Soyel et al. [27] used 3D distance vectors to obtain 3D FAPs between feature points to measure quantities like openness of eyes, height of eyebrows, openness of mouth, etc. to obtain distance vectors for test and training data for different expressions. They use only 23 facial features that are associated with the selected measurements and classify with a neural network. Tang et al. [28] utilizes the same approach, but performs an algorithm on the set of distances between the 83 points to determine the measurements that contain the most variation and are the most discriminatory, allowing for better recognition than empirically determined measurements.
Shape information is located in geometric features like ridges, ravines, peaks, pits, saddles, etc. local surface fitting is done, by centering the coordinate system at the vertex of interest (for ease of computation) . The patch can expressed in local coordinates and a cubic approximation (x^3, x^2y, xy^2, etc) can used to fit the surface locally, yielding two principle vectors that describe the maximum and minimum curvature at that point, and two corresponding eigenvalues. Along with the normal direction at that point, the surface properties can be classified into labels (flat, peak, ridge, etc) and a Primitive Surface Feature Distribution (PSFD) [29] can be generated as feature.
Other methods attempt to fit surface models onto point clouds of 3D sensor data. Mpiperis et al. [30,31] used a neutral face with an average identity and deformed it to the appropriate expression/identity. A triangular 3D mesh is placed on the face and subdivided into sub-triangles to increase the density. First a set of landmarks is associated with vertices on the mesh, which remain unchanged during the fitting process.
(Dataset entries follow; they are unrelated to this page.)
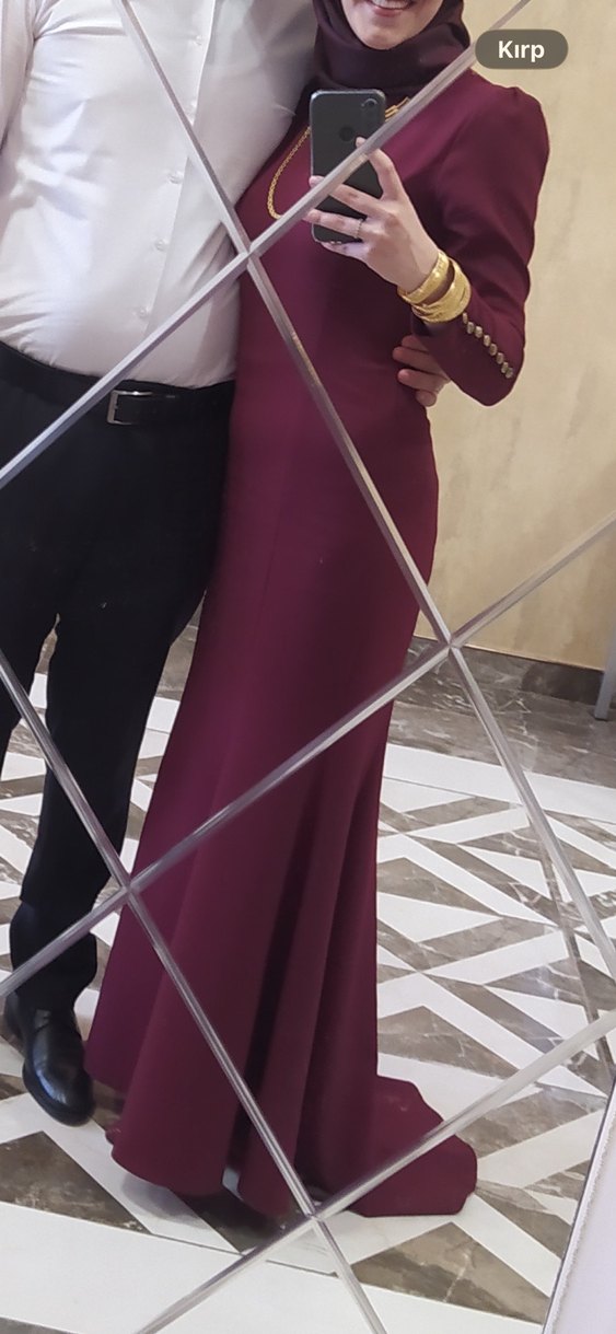 Bordo renkli, uzun hafif balık kuyruklu yumuşak kumaş abiye elbise 38/40 beden uygun
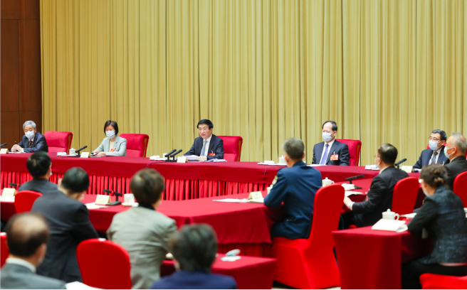 3月6日,中共中央政治局常委、中央纪委书记李希看望出席全国政协十四届一次会议的民进、新闻出版界委员并参加讨论。 新华社记者 王晔 摄
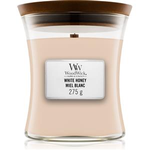 WoodWick Candela Profumata White Honey 85 g - Fragranza Accogliente con Note di Fiori d'Arancio, Orchidea Vaniglia e Toffee Tostato
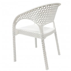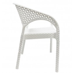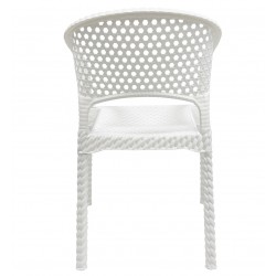 Stackable armchair, imitation of rattan, white polypropylene. For outdoor and indoor use. Available in other colors.
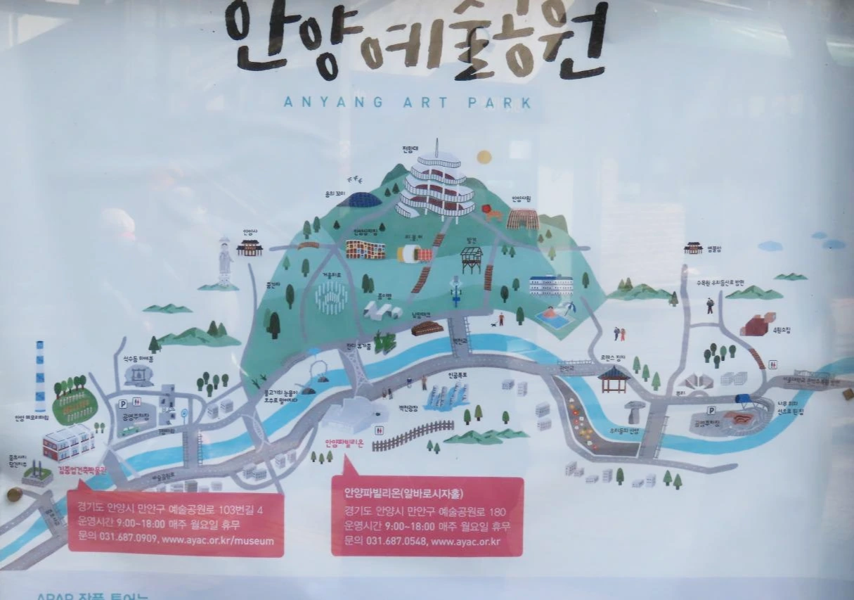 이곳은 안양예술공원 이전에 안양유원지로 불리던 곳입니다. 삼성산에서 흘러내러 오는 물로 계곡이 발달해 사람들이 휴식과 물놀이를 취하러 많이 찾아왔다고 합니다. 그러다 시대가 변하면서 전국에 있는 여느 유원지와 마찬가지로 이곳도 서서히 쇠락하기 시작했고, 지역을 되살리기 위한 도시재생 일환으로 자연과 공공미술이 만나는 프로젝트를 시작했다고 합니다.
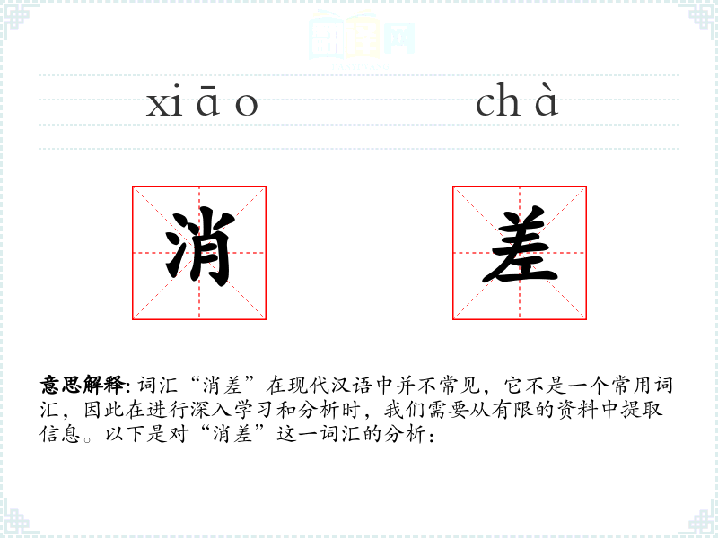 词汇“消差”在现代汉语中并不常见,它不是一个常用词汇,因此在进行深入学习和分析时,我们需要从有限的资料中提取信息。以下是对“消差”这一词汇的分析:

Fitting is done as an energy minimization problem that consists of terms describing opposing forces between the landmarks 11
and mesh points, the distance between the surface and the mesh, and a smoothness constraint, which is solved by setting partial derivatives to 0 and solved using SVD. Asymmetric Bilinear models are used for facial expression recognition in which models identity in one dimension and expression in another. 3D Facial shapes obtained through finding the difference between neutral and expressive faces in 3D can also be used to classify facial expressions [32].
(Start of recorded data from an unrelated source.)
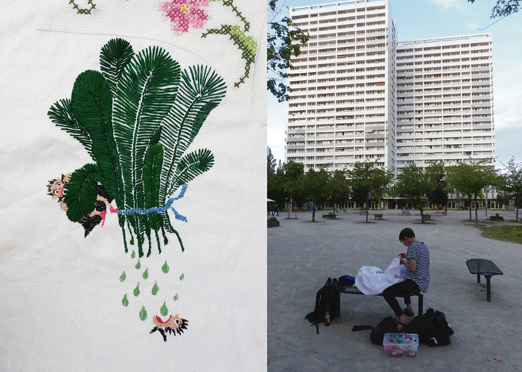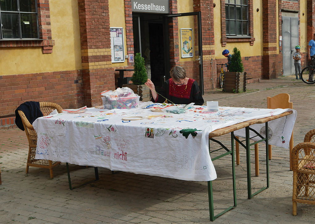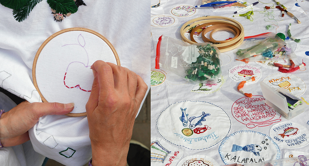 In the STICKSTOFF project we embroidered a giant tablecloth together with people from our neighbourhood, reflecting on the theme of eating together. / CC BY Andrea Milde & Kati Hyyppä
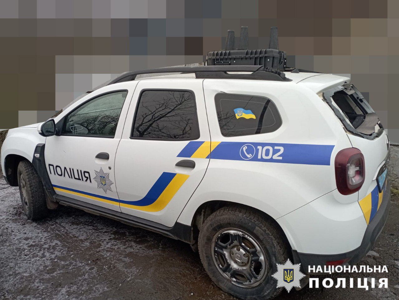 Поліцейський автомобіль отримав пошкодження, зокрема вибито заднє вікно.
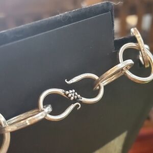 Mosaic Mother Of Pearl Beads Sterling Silver Circle Link Handcrafted Necklace
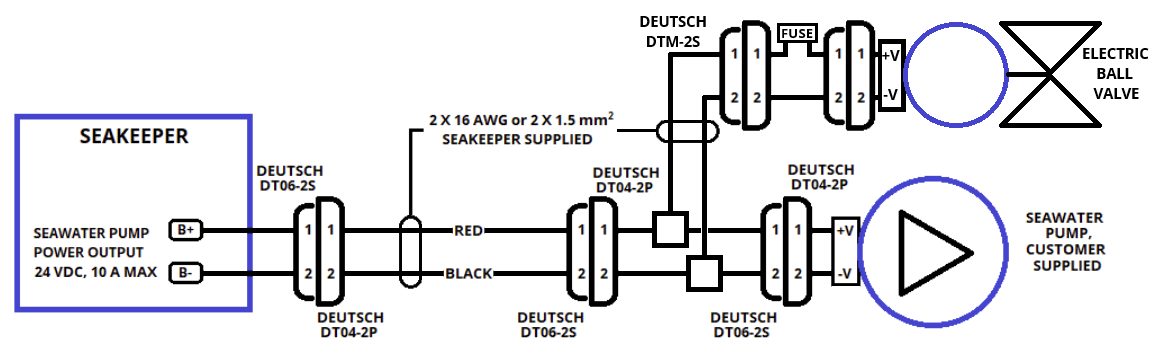 Connecting the DC Seawater pump in any other manner than recommended by Seakeeper may cause internal failure.
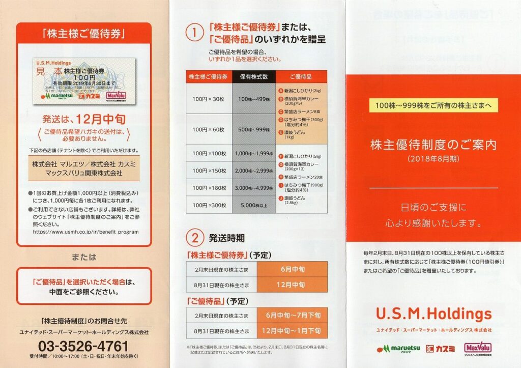 ユナイテッド・スーパーマーケット・ホールディングス(USMH)から株主優待の案内が届きました。
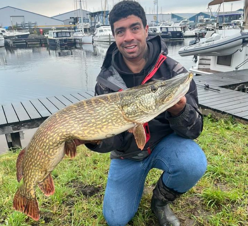 Nouri Dml: “Deze dikke knoeperd van 93 cm mogen vangen, nadat we het doodaas binnengehaald hadden en opgeruimd hadden zagen we deze snoek jagen in de kant. Snel mijn hengel erbij met kunstaas, één worp met de Savage Gear RTF Roach aan de onderlijn en het was hangen! Verder hadden we een topdag met 5 snoeken!” Lekker bezig Nouri, bijzonder hoe opeens die jachtmodus aan gaat!
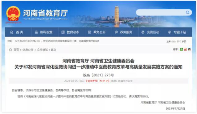 8月25日,河南省印发《河南省深化医教协同进一步推动中医药教育改革与高质量发展实施方案》,其中提出:“将支持河南中医药大学整合教育医疗资源,努力达到“双一流”建设水平;支持河南中医药大学特色骨干学科建设,支持“双一流”建设高校发展中医药学科专业。”此外,河南省还将建设高规格的中医临床教学基地,推动中医学类专业“5+3”一体化人才培养…为打造具有河南特色的中医药人才培养体系,推进河南中医药教育创新发展,河南省政府煞费苦心。
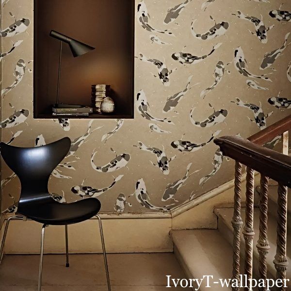Koi wallpaper has beautiful fish swimming under rippling water on a wide-width wallpaper in dreamy water colourways. A wonderful wallcovering that will make an impact in your home.
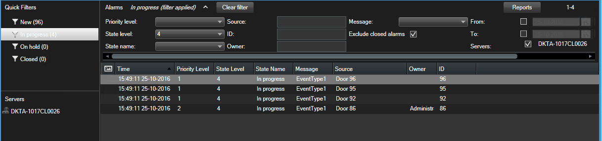 - Klicka på knappen Rensa filter för att återgå till den ofiltrerade larmlistan.
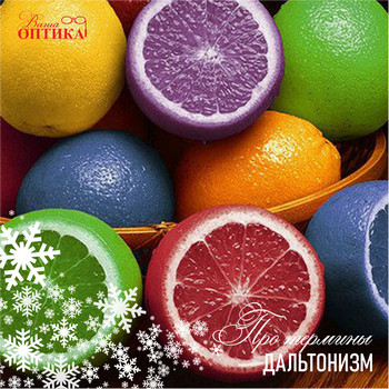 Достаточно редкой формой нарушения зрения является изменение цветовосприятия. Условно: люди с такими патологиями видят красное яблоко синим, желтый банан зеленым, либо, что встречается крайне-редко, вообще не видят цвет. Нужно сказать, что при этом остальные показатели зрения остаются в нормальных пределах. Специалисты такую патологию называют «Дальтонизм». Название эта болезнь получила в честь Дж. Дальтона, английского химика, который имел наследственную форму и в своих трудах подробно описал этот недуг. Причина проявления дальтонизма – нарушение работы рецепторов центральной части сетчатки, вызванное в большинстве случаев наследственностью и врожденной патологией, но реже может быть и приобретённым - травмы, заболевания, интоксикация, воздействие ультрафиолетового излучения. Диагностика, как правило, производится с помощью тестов и таблиц, а коррекция основывается на применении очков со специальными коррекционными фильтрами.
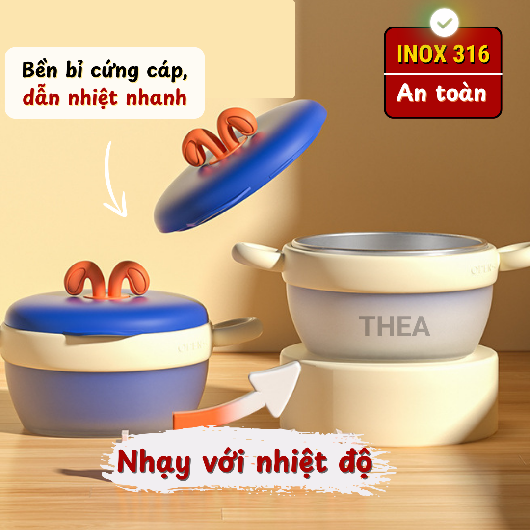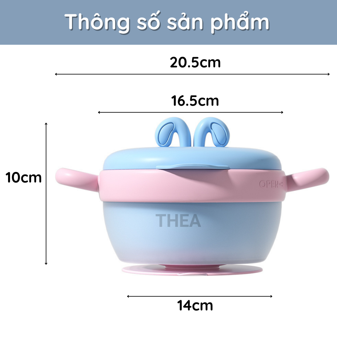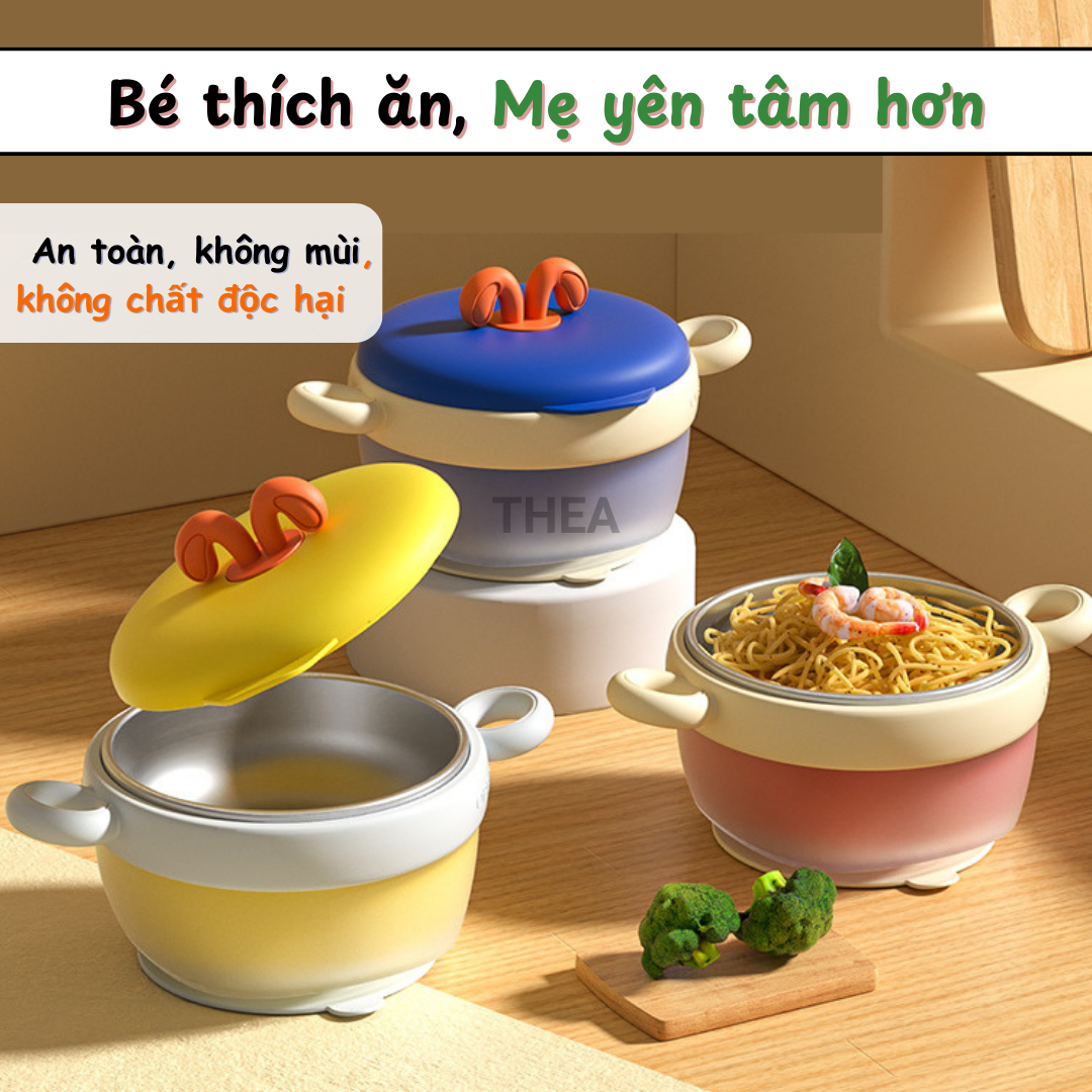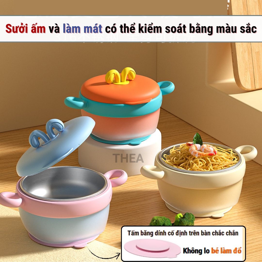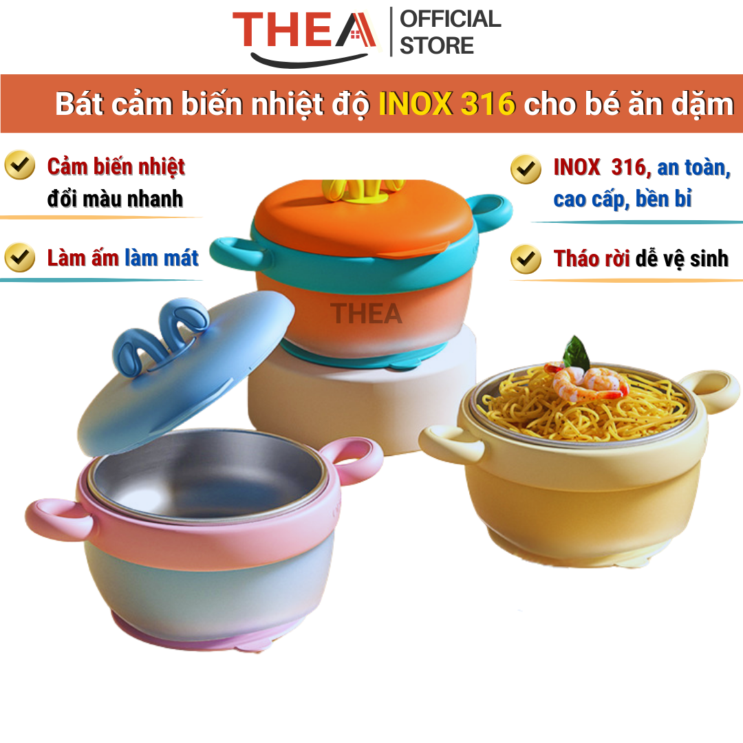 Bát ăn dặm cho bé, chén cho bé ăn dặm Inox 316 cao cấp giữ nhiệt và cảm biến nhiệt độ thông minh - THEA

Venkatesh et al. employed principal component analysis on 3D mesh datasets to attempt to classify facial expressions [10]. PCA is a popular mathematical technique that for allows the dimensions of the problem to be reduced, making it easier to solve. For the training set, 68 feature points, which have been known to effectively represent facial expressions, have been manually selected around the eyes, mouth and eyebrows. PCA is done on the x, y, and z locations of these feature points to determine eigenvalues that can be used to find matrix projections on a given matrix A. This method automatically extracts features after they are divided into bounding boxes using anthropomorphic properties. This method achieves the automatic selection of points; however it is very computationally expensive.